3 years into blogging with over 500 recipes, I still get butterflies when I hit Publish on a new or updated recipe.
And having rewritten, rephotographed and made a video for this Shredded Beef Ragu which I first shared over 2 years ago, yes I’m going to have butterflies when I hit Publish on this (again!) because it’s one of my all time personal favourites. 🙂

I have a weakness for all things slow cooked, but hands down this shredded beef ragu is one of my all time favourites. I’d dare say I love it even more than traditional Ragu Alla Bolognese. It’s the shredded beef that seals the deal for me. The way it soaks up the sauce and clings to the pasta. It’s an absolute ripper!
I’m pretty sure I first learned how to make Slow Cooked Shredded Beef Ragu Sauce with Pappardelle from Lidia Bastianich. Years ago, her show “Lidia’s Italy” was one of the few cooking shows on free-to-air TV and I used to watch them over and over again. Almost everything I know about Italian cooking (including the reason why I was hunting down Kale a decade before it became “cool”) is because of Lidia Bastianich. Old school, real deal Italian. 🙂


Best Pasta to serve with Ragu
The question of what type of pasta to serve with different pasta sauces is a question that I get asked quite regularly. Generally, most pasta sauces will pair perfectly well with most common pasta types, like spaghetti, fettuccine, linguine, penne / ziti, macaroni, shells etc.
And while this Slow Cooked Shredded Beef Ragu Sauce will be great with any type of pasta, the best pasta for a rich sauce like this ragu is pappardelle. This wide, flat pasta is especially great for this recipe because the shredded beef clings to the wide strands.
For pappardelle, I am quite particular about which brand I use because I’ve had problems in the past with uneven cooking. I use San Remo which is a well known trusted brand here in Australia. The pappardelle is bundled into nests so they are fully submerged when dropped into boiling water, and the nests are loose enough so the bubbling water separates the strands and the pappardelle cooks evenly.
You’ll find San Remo pappardelle at all the major supermarkets as well as fresh produce stores and delis. And here’s a photo for size context – giant pasta in my Baby Hands…..

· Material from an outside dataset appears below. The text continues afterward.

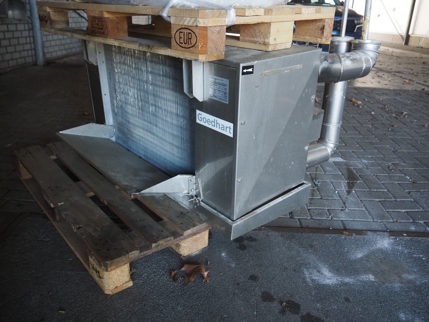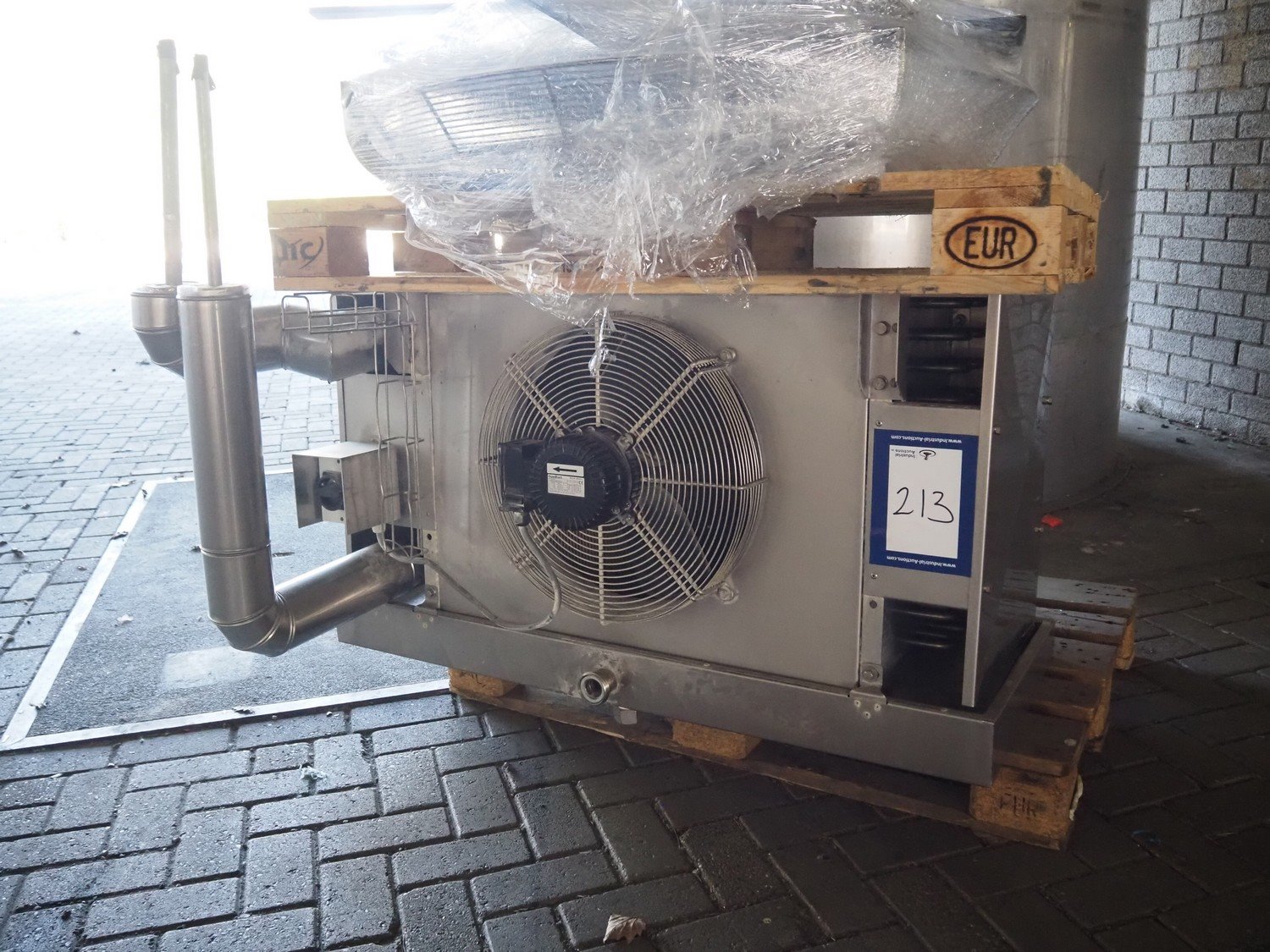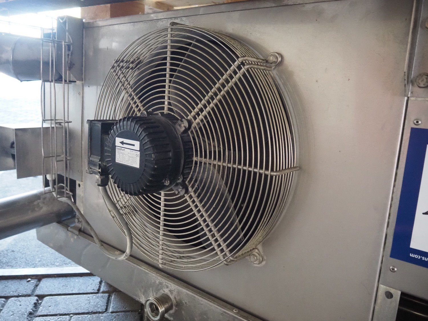 GEA Goedhart B.V. s/s evaporator, type: VRB 41457 P, year of construction: 2010, volume: 8 dm³, PS: 22 bar, PT: 32 bar, fluid: NH3 pump, weight: 70 kg, 1 fan, dimensions: 1300 mm x 600 mm x 700 mm. Kavel locatie: Bunsenstraat 79, 3316 GC Dordrecht, Nederland

Oh – and the other reason San Remo Pappardelle is my pasta of choice for ragu is because it’s an egg pasta. The addition of egg makes the pappardelle stronger so it doesn’t break when tossed in the thick, rich sauce.
If you’ve just invested hours of patience, slow cooking the sauce to tender perfection, you’ll make me cry if you just dump cooked pasta in a bowl and spoon over the sauce. And the entire nation of Italy will cry with me. 😉 Please promise me you will toss the ragu with the pasta before serving! It is worth it, I promise. Look how every strand of the pappardelle is beautifully coated in that luscious ragu!! – Nagi xx

Watch How To Make It
Slow Cooked Shredded Beef Ragu Sauce with Pappardelle recipe video!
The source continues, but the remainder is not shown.